DALLAS – Texas Lt. Gov. Dan Patrick told residents of his state on Friday to ignore the new federal directive that public schools should let transgender students use restrooms that match their gender identity or risk losing federal funding.
He said he has informed superintendents at Texas schools that they shouldn’t enact the policy.
“In Texas, (President Obama) can keep his 30 pieces of silver,” he said on the second day of the Republican Party of Texas state convention. “We will not yield to blackmail from the president of the United States.
“If this doesn’t wake up the parents of Fort Worth, I don’t know what will.”
The question of who can go into which public restroom, based on the gender a person identifies with now or the one they were born with, became national news after North Carolina officials passed a law requiring transgender people to use restrooms that correspond with the sex indicated on their birth certificate.
The issue, which has already come up in a handful of Texas cities, erupted in Fort Worth this week when Patrick called for Fort Worth school Superintendent Kent Scribner’s resignation over guidelines outlining bathroom use, sparking protests on both sides of the issue.
Patrick’s statements came on the second day of the three-day state Republican convention geared toward boosting party unity and building momentum for the November general election.
Thousands of Republicans are gathered at the Kay Bailey Hutchison Convention Center for the biennial event where they build enthusiasm for the presidential election, approve party rules and a platform, choose delegates to the national convention and pick a party leader.
The convention wraps up Saturday, when it is expected to feature speeches by U.S. Sen. and former GOP presidential candidate Ted Cruz, Texas Attorney General Ken Paxton and Tarrant County Commissioner Andy Nguyen.
U.S. Sen. John Cornyn on Friday said Obama shouldn’t be weighing in on the bathroom debate.
“This president just needs to do his job and get out of the way,” he said, adding that he believes “men ought to be able to go to the men’s room and women ought to be able to go to the women’s room.”
Delegates have mixed opinions in the bathroom debate.
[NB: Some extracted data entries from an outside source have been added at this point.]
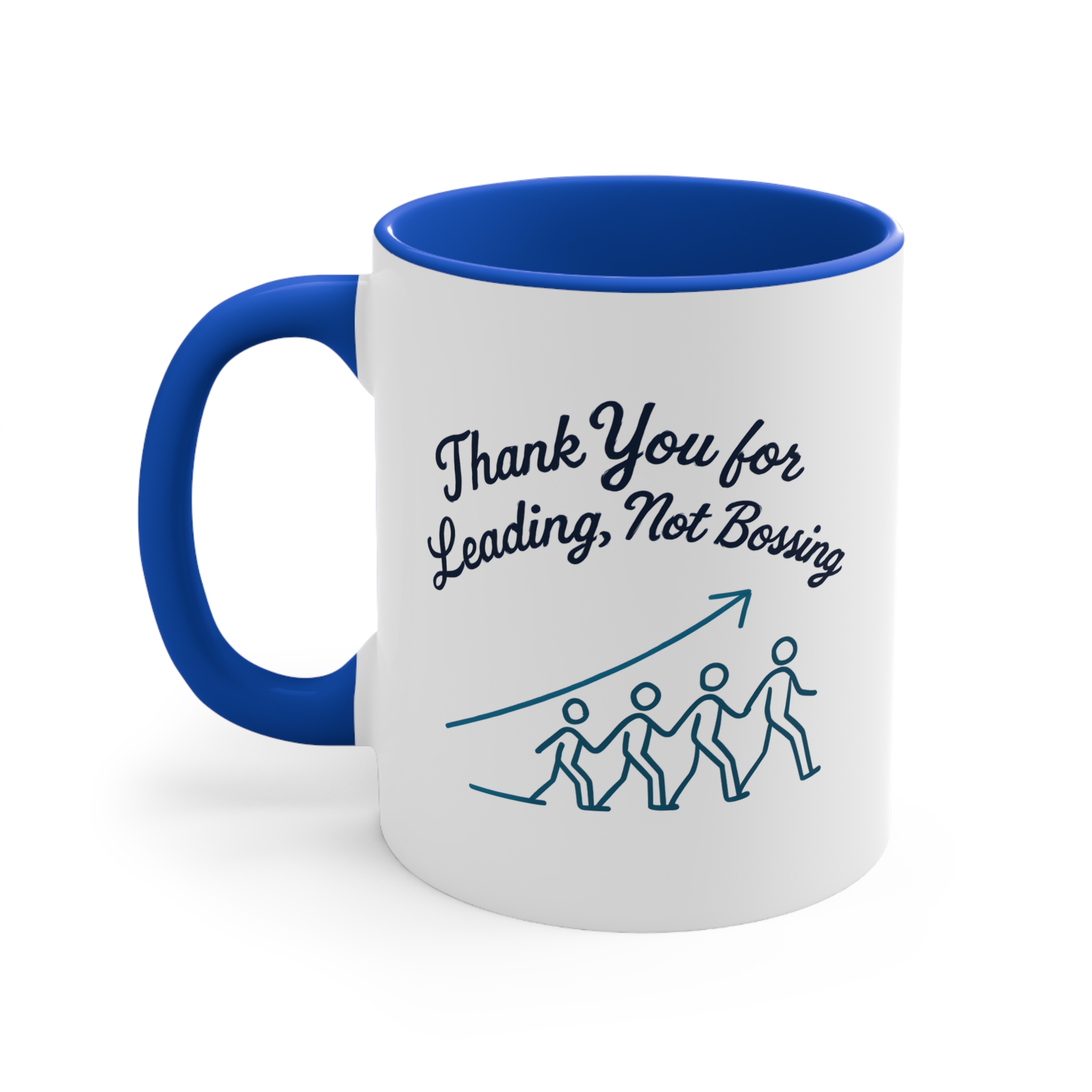 Thank you boss leadership mug with positive appreciation message. 11oz ceramic mug with blue handle, microwave safe, hand wash recommended.
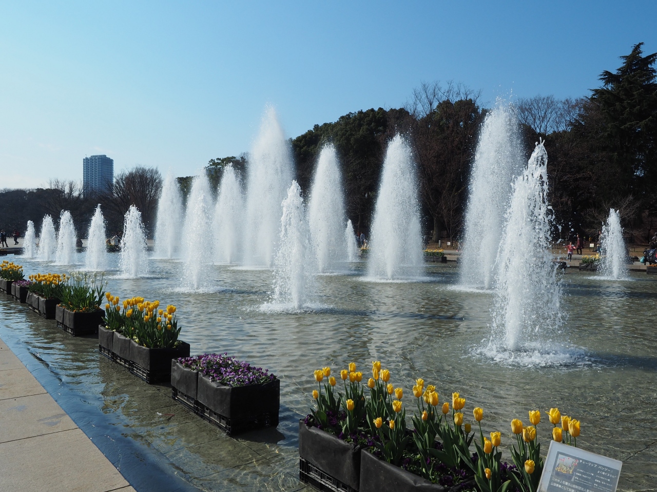 上野恩賜公園の中心にあります。江戸時代には寛永寺の廻廊めぐらされ、根本中堂が建っていた場所に作られました。上がり方も単純ではなく中心の大きなもの、両脇の小さなものが様々に変化し見ていて飽きません。周りでは休憩する方、ランチを食べる方など憩いの場となっている様子。それを見ているだけでも和みます。ただ噴水は常時上がっているわけではないのでご注意を。
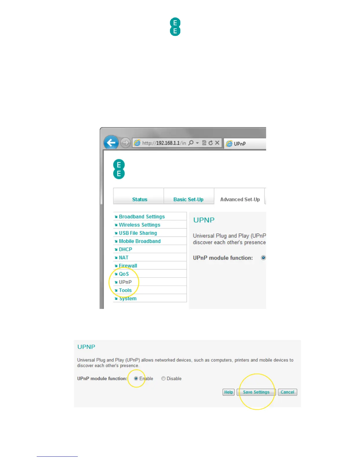 switch UPnP on (this is the default setting) or ‘Disable’ to switch off UPnP – in this
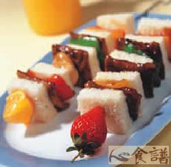 (4)依个人喜好,将土司片与各式食材穿插串起即可。

“It seems if a person looks like a woman, he should go to the women’s restroom,” said one delegate who declined to give his name. “You can’t look in their underwear.
“People should go to the bathroom of the gender they look like,” he said. “This is crazy.”
The real crazy thing is what Obama is doing, said Flora Hernandez, a delegate from Dallas.
“I think it’s a horrible overreach,” she said. “(Obama is) acting like a totalitarian. He’s acting on things people haven’t had a chance to opine about.
“It scares me, honestly.”
The new federal guidance, sent Friday to public schools across the country from the education and justice departments, says public schools must treat transgender students in the way they identify with gender, even if their birth certificate or other records note a different sex, or the schools risk losing federal funds.
Patrick said Texas will find a way to recoup lost federal funds for districts that don’t abide by the guidance.
“We will not sell out,” Patrick said. “There is no compromise on this issue.”
On Thursday, Texas Gov. Greg Abbott publicly weighed in on the issue for the first time, telling thousands of delegates at the state convention that “Obama is turning bathrooms into courtroom issues.”
And he said it’s time for him to get involved.
“I want you to know that I am working with the governor of North Carolina,” he said. “And we are going to fight back.”